## About this exercise
Transcribe each record exactly, but omit pictures.

## Task input

——————

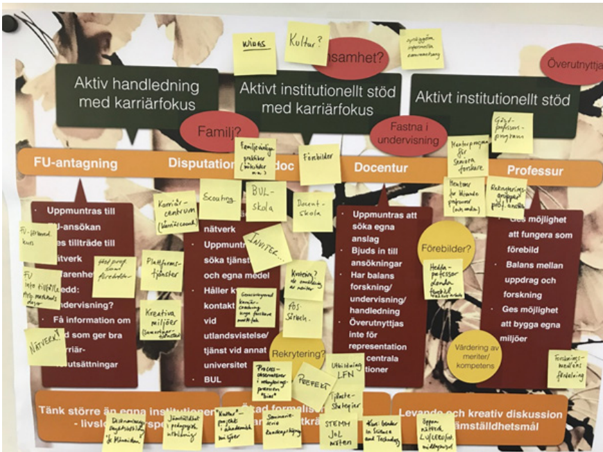
Fig. 2: Resultat av workshop

Workshopparna gav tillfälle att dels kommunicera och få respons på resultaten från intervjuer, dels skapa möjligheter för direkt erfarenhetsutbyte mellan fakulteter, dels stimulera samtal kring behov och förslag på lokalt förändringsarbete. Workshoppar av den här modellen kan alltså med fördel betraktas som ett viktigt instrument för att utveckla jämställdhetsarbetet inom universitetet som helhet och inom dess olika delar.
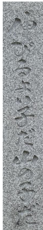
毫浦美問 揮杉立顔

陽光に照らされ、まぶしいばかりの木々の紅葉とともに、本校の輝かしい歴史を感じずにはいられません。
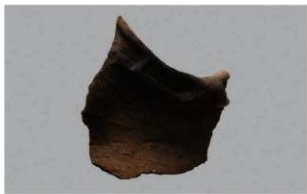
7 H-7出土土器 (第275图3)
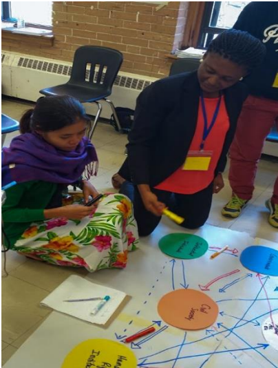
PHOTO: Des participantes du PIFDH 2014 travaillant ensemble sur une activité. Le partage d'expériences et la réflexion critique sont des éléments clés de l'approche participative du PIFDH.

On définit généralement l'ÉDH comme étant tout apprentissage qui : 1) renforce les connaissances; 2) développe les habiletés, et 3) les attitudes et les comportements en ligne avec les valeurs et principes des droits humains. Une approche participative est un élément clé de ce processus d'apprentissage et les participantes et participants rapportent constamment qu'il s'agit de l'une des plus grandes contributions du PIFDH à leur travail. En plus d'avoir cité l'approche participative comme l'apprentissage le plus important (48% des répondantes et répondants), trente-deux (32) participantes et participants (soit 43% des répondantes et répondants) ont également mentionné l'approche participative comme « l'élément le plus utile » du PIFDH pour leur travail.
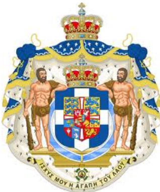
Герб Королевства Греция времен короля Георга II. Использовался 1936–1973

В 1935 году к власти вернулась династия Глюксбергов, а вместе с ней и герб времен 1863-1924 годов.
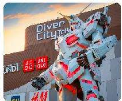
ย่านโอไดบะ ห้างไดเวอร์ซิตี ODAIBA SEASIDE PARK
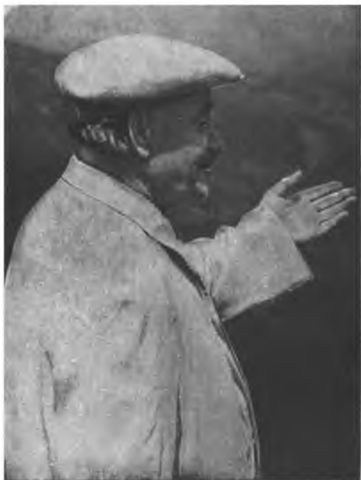
Георгий Димитров во время одного из своих выступлений в Болгарии.
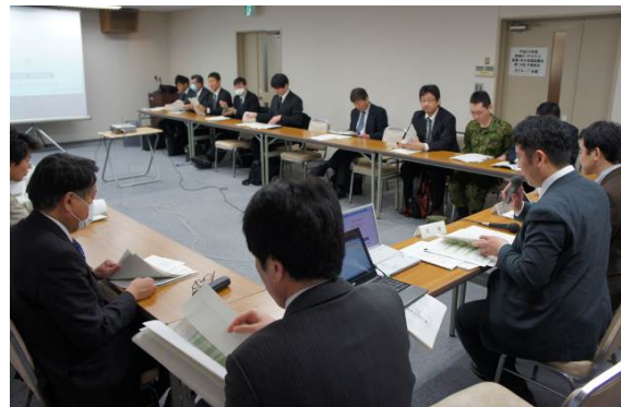
各グループ（左：Aグループ、右：Bグループ）の討論型図上訓練の様子
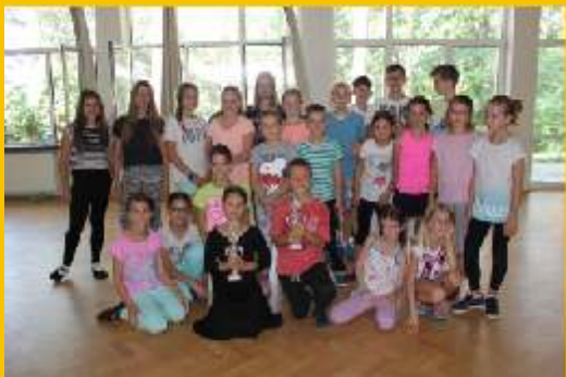
16-21.08.16. Warsztaty Zespołu Pie ni i Ta ca „Łom a”.
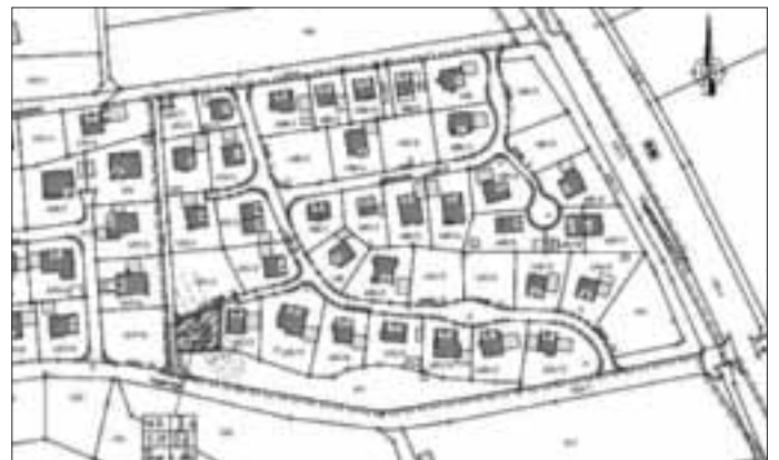
Übersichtslageplan Bebauungsplan „Am Maderweg, 3. Änderung“, unmaßstäblich

Der Geltungsbereich der Änderung betrifft das Grundstück Flur-Nr. 492, Gem. Ellzee, sowie eine Teilfläche des Grundstücks Flur-Nr. 494, Gem. Ellzee.
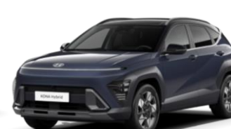
Denim Blue, перламутр (TN0) / черная крыша
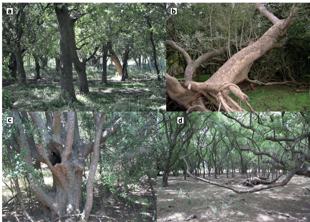
Figura 4- Talares en núcleos aislados sobre o por detrás de la paleocosta holocena. A, Villa Garibaldi-Arroyo El Pescado, sobre paleocosta, La Plata; B, Laguna Salada de Monasterio, sobre duna loessica, partido de Chascomús; C, Puente de Pascua, sobre paleocosta, partido de Castelli; D, La Viruta, Ruta 20, en la planicie, partido de Chascomús.

puede proponer otra posibilidad acerca de la expansión y retracción de los bosques del Espinal, alternativa a la explicación dada por Frenguelli (1941). Se propone que el tala pudo haber sido un componente de la planicie pampeana desde el inicio del Holoceno, desde donde se pudo haber expandido en los períodos favorables de clima hacia el este y el norte. Los talares de San Miguel del Monte y Navarro, mencionados por Parodi (1940a), y otros menos conocidos como los de los alrededores de Chascomús (Figura 4b, 4d), muestran que estos árboles pueden haber crecido en contextos geográficos particulares dentro de la planicie. Los talares, previo a la aparición de los cordones de playa y dunas
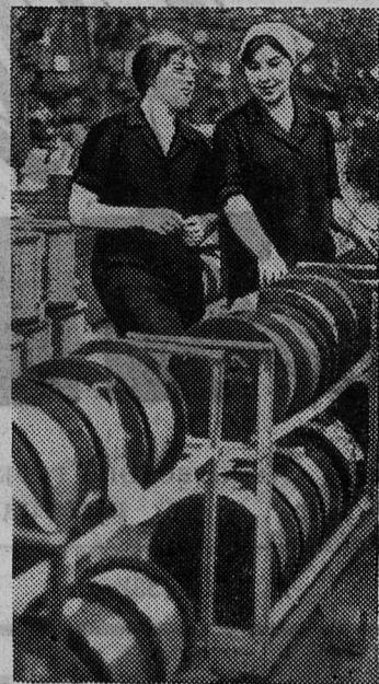
Успешно начал новый трудовой год коллектив Московского кабельного завода, продукция которого направляется во все республики Советского Союза и в 30 зарубежных стран.
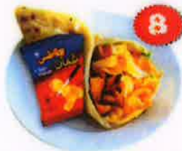
CHIPS OMAN SANDWICH
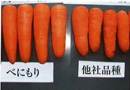
8月5日播種 3月20日収穫(千葉)
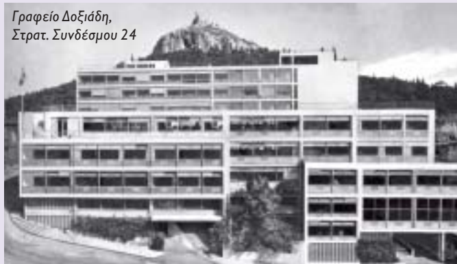
Γραφείο Δοξιάδη, Στρατ. Συνδέσμου 24

Το 1951 εγκατέλειψε τις δημόσιες θέσεις και βγήκε στην ιδιωτική
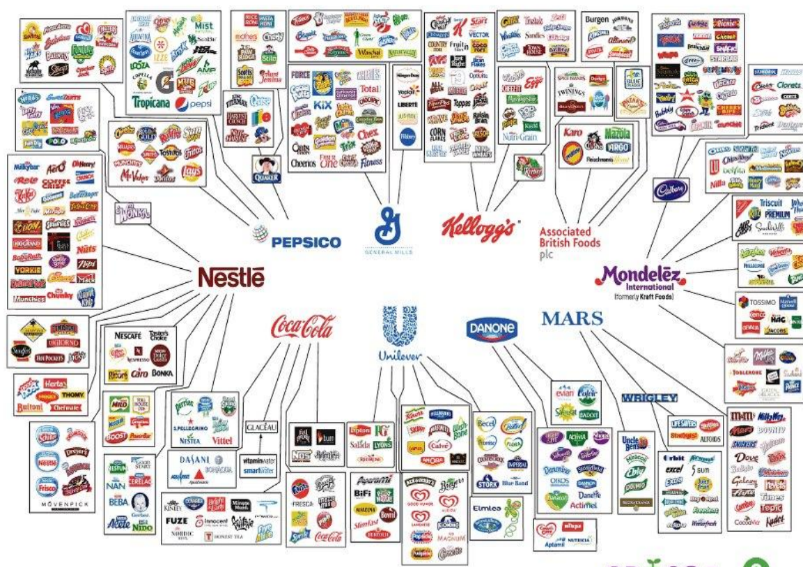
Figura 4- Maiores empresas produtoras de alimentos e bebidas

coletivamente conhecidos como ABCD – controlam 90% do comércio global de grãos (OXFAM, 2014, p.37).
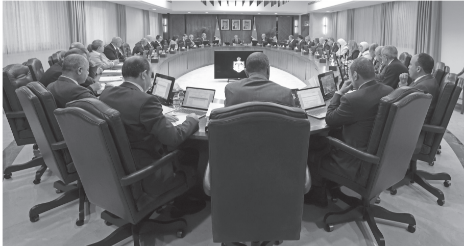
حاجة السوق المحلي.

ومن شأن القرار تعزيز تنافسية المنتج الأردني من حيث السعر والوجود من خلال دعم التصدير الجوي والبحري. كما أن دعم صادرات محصول الليمون جاء في ظل توفر فائض كبير من مادة الليمون تصل إلى نحو ٥ أضعاف
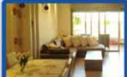
5 חדרים במסקין קומה ג', מושקעת ביותר
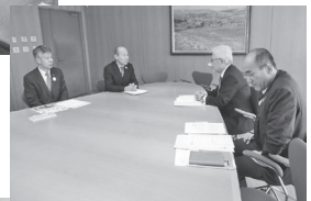
▲2.13三重県中小企業団体中央会へ要請

——————

## Finished task
Fig. 2: Resultat av workshop

Workshopparna gav tillfälle att dels kommunicera och få respons på resultaten från intervjuer, dels skapa möjligheter för direkt erfarenhetsutbyte mellan fakulteter, dels stimulera samtal kring behov och förslag på lokalt förändringsarbete. Workshoppar av den här modellen kan alltså med fördel betraktas som ett viktigt instrument för att utveckla jämställdhetsarbetet inom universitetet som helhet och inom dess olika delar.
毫浦美問 揮杉立顔

陽光に照らされ、まぶしいばかりの木々の紅葉とともに、本校の輝かしい歴史を感じずにはいられません。
7 H-7出土土器 (第275图3)
PHOTO: Des participantes du PIFDH 2014 travaillant ensemble sur une activité. Le partage d'expériences et la réflexion critique sont des éléments clés de l'approche participative du PIFDH.

On définit généralement l'ÉDH comme étant tout apprentissage qui : 1) renforce les connaissances; 2) développe les habiletés, et 3) les attitudes et les comportements en ligne avec les valeurs et principes des droits humains. Une approche participative est un élément clé de ce processus d'apprentissage et les participantes et participants rapportent constamment qu'il s'agit de l'une des plus grandes contributions du PIFDH à leur travail. En plus d'avoir cité l'approche participative comme l'apprentissage le plus important (48% des répondantes et répondants), trente-deux (32) participantes et participants (soit 43% des répondantes et répondants) ont également mentionné l'approche participative comme « l'élément le plus utile » du PIFDH pour leur travail.
Герб Королевства Греция времен короля Георга II. Использовался 1936–1973

В 1935 году к власти вернулась династия Глюксбергов, а вместе с ней и герб времен 1863-1924 годов.
ย่านโอไดบะ ห้างไดเวอร์ซิตี ODAIBA SEASIDE PARK
Георгий Димитров во время одного из своих выступлений в Болгарии.
各グループ（左：Aグループ、右：Bグループ）の討論型図上訓練の様子
16-21.08.16. Warsztaty Zespołu Pie ni i Ta ca „Łom a”.
Übersichtslageplan Bebauungsplan „Am Maderweg, 3. Änderung“, unmaßstäblich

Der Geltungsbereich der Änderung betrifft das Grundstück Flur-Nr. 492, Gem. Ellzee, sowie eine Teilfläche des Grundstücks Flur-Nr. 494, Gem. Ellzee.
Denim Blue, перламутр (TN0) / черная крыша
Figura 4- Talares en núcleos aislados sobre o por detrás de la paleocosta holocena. A, Villa Garibaldi-Arroyo El Pescado, sobre paleocosta, La Plata; B, Laguna Salada de Monasterio, sobre duna loessica, partido de Chascomús; C, Puente de Pascua, sobre paleocosta, partido de Castelli; D, La Viruta, Ruta 20, en la planicie, partido de Chascomús.

puede proponer otra posibilidad acerca de la expansión y retracción de los bosques del Espinal, alternativa a la explicación dada por Frenguelli (1941). Se propone que el tala pudo haber sido un componente de la planicie pampeana desde el inicio del Holoceno, desde donde se pudo haber expandido en los períodos favorables de clima hacia el este y el norte. Los talares de San Miguel del Monte y Navarro, mencionados por Parodi (1940a), y otros menos conocidos como los de los alrededores de Chascomús (Figura 4b, 4d), muestran que estos árboles pueden haber crecido en contextos geográficos particulares dentro de la planicie. Los talares, previo a la aparición de los cordones de playa y dunas
Успешно начал новый трудовой год коллектив Московского кабельного завода, продукция которого направляется во все республики Советского Союза и в 30 зарубежных стран.
CHIPS OMAN SANDWICH
8月5日播種 3月20日収穫(千葉)
Γραφείο Δοξιάδη, Στρατ. Συνδέσμου 24

Το 1951 εγκατέλειψε τις δημόσιες θέσεις και βγήκε στην ιδιωτική
Figura 4- Maiores empresas produtoras de alimentos e bebidas

coletivamente conhecidos como ABCD – controlam 90% do comércio global de grãos (OXFAM, 2014, p.37).
حاجة السوق المحلي.

ومن شأن القرار تعزيز تنافسية المنتج الأردني من حيث السعر والوجود من خلال دعم التصدير الجوي والبحري. كما أن دعم صادرات محصول الليمون جاء في ظل توفر فائض كبير من مادة الليمون تصل إلى نحو ٥ أضعاف
5 חדרים במסקין קומה ג', מושקעת ביותר
▲2.13三重県中小企業団体中央会へ要請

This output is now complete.